Plaintiff seeks an entry of summary judgment on both of Defendant's affirmative defenses to his claims. Defendant has not provided any arguments in response. Defendant's first affirmative defense is that Plaintiff's causes of action fail to set forth facts sufficient to state claims upon which relief may be granted. See ECF No. [9], at 7. Plaintiff has, at the very least, presented a prima facie case for his claims under TILA, FDUPTA, and the FCCPA. Plaintiff is entitled to summary judgment as to Defendant's first affirmative defense.

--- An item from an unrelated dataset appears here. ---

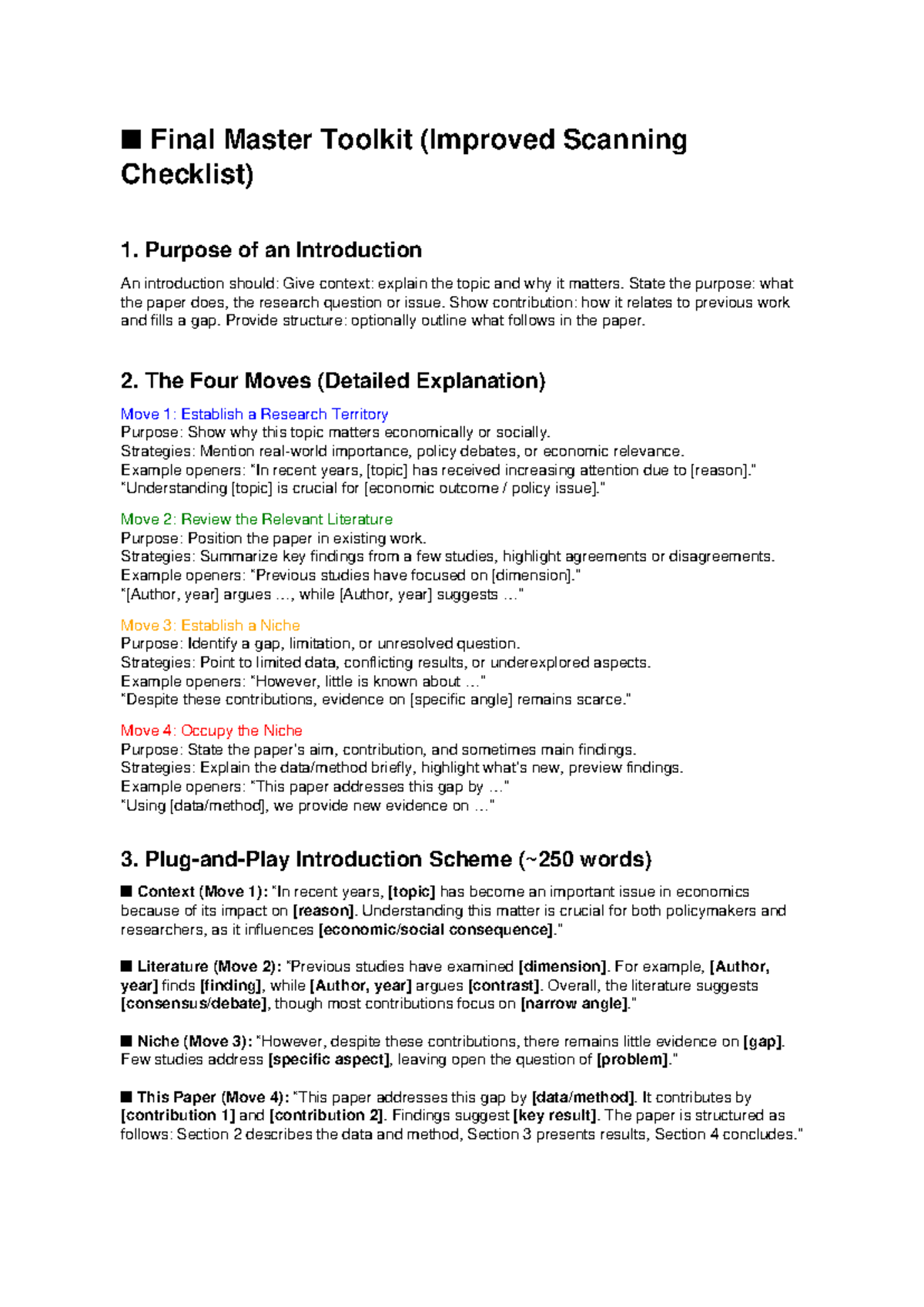 Final Exam Introduction Writing Toolkit (Improved Scanning Checklist ...

Defendant's second affirmative defense is that "Defendant and its agents and representatives are protected by the ‘bona fide error’ defense pursuant to 15 U.S.C. § 1692k, since such actions or inactions, if they occurred, were not intentional and resulted from a bona fide error notwithstanding Defendant's maintenance of procedures reasonably adapted to avoid such errors." Id. However, Plaintiff correctly points out that the bona fide error defense pursuant 15 U.S.C. § 1692k is a defense to claims brought under the federal Fair Debt Collection Practices Act. None of Plaintiff's causes of action have been brought under that federal statute. Accordingly, Plaintiff is also entitled to summary judgment as to the second affirmative defense.
IV. CONCLUSION
A genuine issue of material fact exists regarding the contents and representations made by Defendant in its online advertisement of the price of the 2015 Infiniti purchased by Plaintiff. Thus, summary judgment is not proper as it pertains to Defendant's alleged violation of Fla. Stat. § 501.976(16), along with the corresponding FCCPA claim. Plaintiff is, however, entitled to summary judgment on his claim under TILA, his remaining claims under FDUTPA and the FCCPA, and Defendant's affirmative defenses. Therefore it is
ORDERED AND ADJUDGED that Plaintiff's Motion for Partial Summary Judgment, ECF No. [44] , is GRANTED in part and DENIED in part.
DONE AND ORDERED in Miami, Florida, this 22nd day of December, 2017.